Rosalind James said:


> Highest rank achieved on .com: 32. (Which was OH MY LORD amazing. All right, 99 cents--but STILL. Hyperventilation time.)
> Most of the sales came from .com--I did .uk too, but results fairly pathetic, even though I usually sell OK there.


Congratulations, Rosalind! You must have been absolutely thrilled with your results! Amazing!!


----------



## RuthMadison (Jul 9, 2011)

bberntson said:


> I don't know. I took an ad out with Kboards and Bargain Booksy and it didn't seem to do much of anything. Maybe I'm advertising in the wrong place. Where are other people going to promote?
> 
> I think lots might have to do with readership. I'm still trying to build a fan base, so that's probably half of it. Maybe for those of you who already have good readership are fairing better.
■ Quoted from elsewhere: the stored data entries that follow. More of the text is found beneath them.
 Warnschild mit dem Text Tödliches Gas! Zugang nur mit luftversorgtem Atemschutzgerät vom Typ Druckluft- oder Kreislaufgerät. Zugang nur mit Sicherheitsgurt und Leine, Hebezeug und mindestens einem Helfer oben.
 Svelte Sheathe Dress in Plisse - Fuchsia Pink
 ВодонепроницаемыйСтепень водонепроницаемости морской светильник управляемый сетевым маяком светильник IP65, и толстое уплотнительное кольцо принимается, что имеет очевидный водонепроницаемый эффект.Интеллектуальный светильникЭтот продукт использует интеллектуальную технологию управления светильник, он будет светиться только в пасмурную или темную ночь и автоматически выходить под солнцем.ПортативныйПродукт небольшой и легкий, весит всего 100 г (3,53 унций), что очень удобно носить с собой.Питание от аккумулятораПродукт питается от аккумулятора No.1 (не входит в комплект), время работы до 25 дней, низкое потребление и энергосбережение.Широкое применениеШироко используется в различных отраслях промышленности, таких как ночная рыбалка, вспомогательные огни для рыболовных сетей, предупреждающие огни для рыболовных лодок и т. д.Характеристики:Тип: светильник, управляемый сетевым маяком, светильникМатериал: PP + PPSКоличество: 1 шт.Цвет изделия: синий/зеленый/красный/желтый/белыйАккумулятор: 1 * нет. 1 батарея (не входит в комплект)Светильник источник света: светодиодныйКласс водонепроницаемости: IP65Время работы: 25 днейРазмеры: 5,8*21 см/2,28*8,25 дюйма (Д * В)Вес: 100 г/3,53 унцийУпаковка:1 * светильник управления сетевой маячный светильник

I'm about to try this countdown thing for the first time and I'd also like to know all the places people tried advertising them!


----------



## Usedtoposthere (Nov 19, 2013)

RuthMadison said:


> I'm about to try this countdown thing for the first time and I'd also like to know all the places people tried advertising them!
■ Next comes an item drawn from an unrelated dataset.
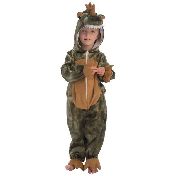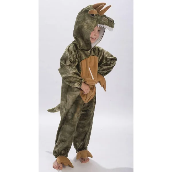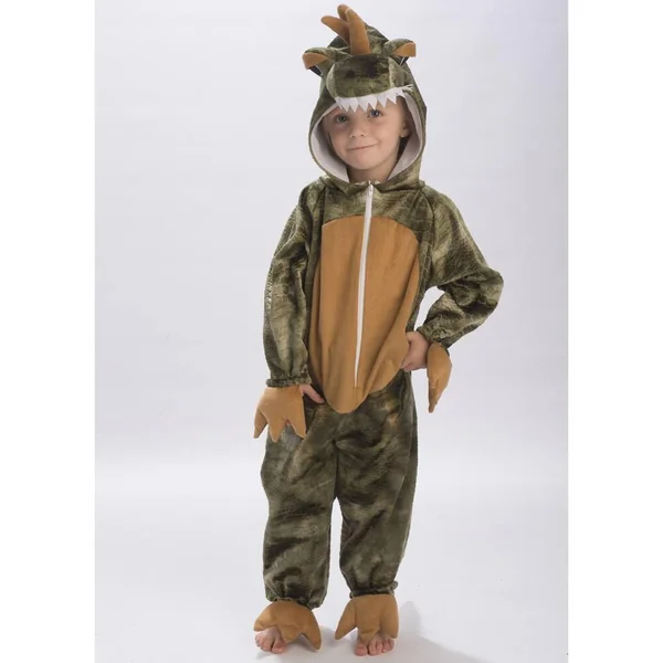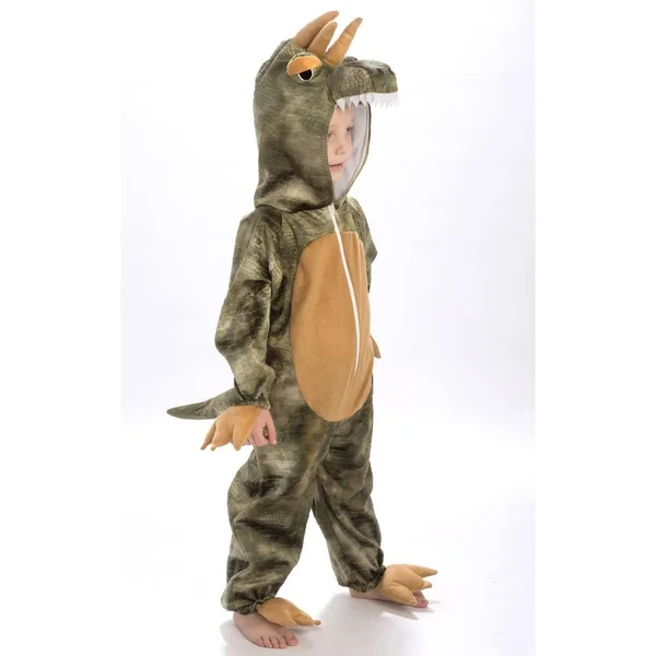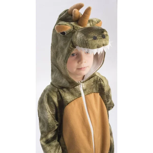 Déguisement de dinosaure. Contient : 1 combinaison zippée. Le modèle est destiné aux enfants de 8-10 ans. Stature : 138 cm. Tour de poitrine : 70 cm. Tour de taille : 58 cm. Le costume est livré sur cintre dans une housse réutilisable avec fermeture éclair. La housse est en PVC avec le dos en intissé, dimensions 45 x 2 x 70 cm. Combinaison : 100 % polyester, lavable à 30°. Chaussures non fournies.
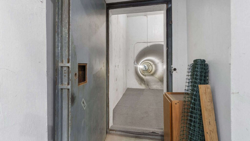 This survival bunker is already partially converted for modern underground bunker living. It features three bedrooms, three bathrooms, kitchen appliances, laundry, and even a private elevator connecting the floors of this underground bunker home. If you’re looking for an underground bunker house or fallout shelter with real livability, this underground bunker for sale checks every box.

Here's my latest with results, copied from the other thread (this was my experiment with using lots of different sites):

My promo was on Book 2 in the new series. Here are the ranks:
Day 0 (day before promo): Book 1: 1236; Book 2 (promo book): 2826; Book 3: 872. NZ books pretty slow: 2000s up to 5000s.
Day 1 (BookGorilla): Book 1: 1239; Book 2: 446, #23 in Rom Suspense; Book 3: 1063. NZ books about the same.
Day 2: (BookBub): Book 1: 960; Book 2: 39, #2 in Rom Suspense; Book 3: 759. NZ books: the first three are up a bit, the final two down some.
Day 3: (BookBlast): Book 1: 909; Book 2: 51 (got to 34 earlier), #1 in Rom Suspense; Book 3: 648. NZ books: the first one is up pretty nicely.
Day 4: (promo blitz, KND):Book 1: 974; Book 2: 77, #2 in Rom Suspense; Book 3: 631. NZ books: about the same.
Day 5: (KBT, ENT): Book 1: 1012; Book 2: 105, #5 in Rom Suspense; Book 3: 540. NZ books: first one is doing a bit better still.
+2 days post-promo: Book 1: 1146; Book 2: 285, Book 3: 577. NZ books: first one is up to 1839.

Promotional sites and costs:
Day 1: BookGorilla ($150 for "starred book"--their curated deal, they say). Result: some decent traction up the list, not a ton of books sold for the money, but maybe helped get the book into position to take advantage of the BB promo.
Day 2: BookBub ($540). Not nearly as many sales as on my post-Xmas promo, but that's time of year; ranking-wise, great boost as always, and the other books are moving too.
Day 3: Bookblast ($50). Book got to #34 overnight, its highest rating. This ad did seem to keep the momentum going--much less steep drop-off in sales than last time when I advertised with BB only. Got to #1 in Rom Suspense in the afternoon, which was cool.
Day 4: KND (Kindle Fire sponsorship: $99.99); promo blitz on new book (Book 3; $30 for 40 blogs). The promos held the book in the Top 100 pretty nicely (was in the 60s for much of the day), which is a big contrast to last time. We'll see what ENT does tomorrow. Not nearly as much of a bounce on Book 3 as I'd hoped for, though. (Or nearly as much as I got on this book, when I did a Free offer on Book 1.)
Day 5: KBT (fkbooksandtips) ($25); ENT (amount TBD). Man, am I underwhelmed by ENT! They feature *one* of the books they include--only--on their Facebook page. That book wasn't mine. Needless to say, if the cover isn't even going to appear on their Facebook page--what's the point of their promo, exactly? Pretty much nothing. Will be skipping that one in future. (On the plus side, since you just pay a percentage of what you earned from the click-throughs coming from their site, I won't owe them much.)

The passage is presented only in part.